Source data
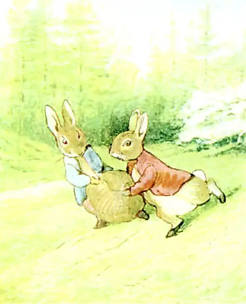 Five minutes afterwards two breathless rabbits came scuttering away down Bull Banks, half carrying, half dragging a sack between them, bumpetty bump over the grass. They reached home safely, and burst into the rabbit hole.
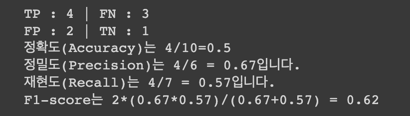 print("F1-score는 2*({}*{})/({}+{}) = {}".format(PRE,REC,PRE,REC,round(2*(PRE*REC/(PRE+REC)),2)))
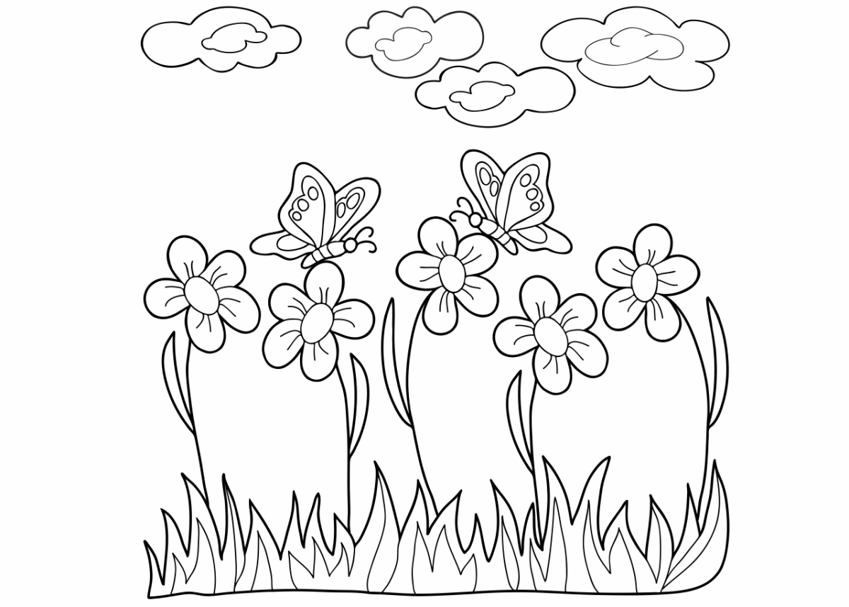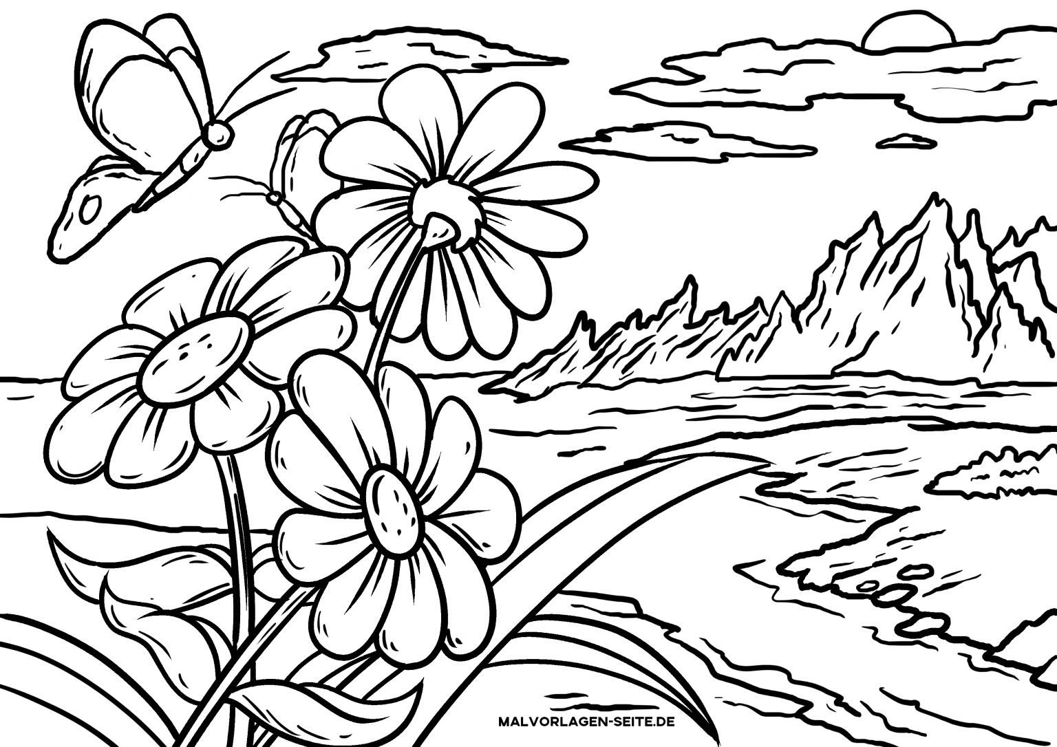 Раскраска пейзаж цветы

Work item
Produce a verbatim copy of the listing, leaving out all pictures.

Response to the task
 Five minutes afterwards two breathless rabbits came scuttering away down Bull Banks, half carrying, half dragging a sack between them, bumpetty bump over the grass. They reached home safely, and burst into the rabbit hole.
 print("F1-score는 2*({}*{})/({}+{}) = {}".format(PRE,REC,PRE,REC,round(2*(PRE*REC/(PRE+REC)),2)))
 Раскраска пейзаж цветы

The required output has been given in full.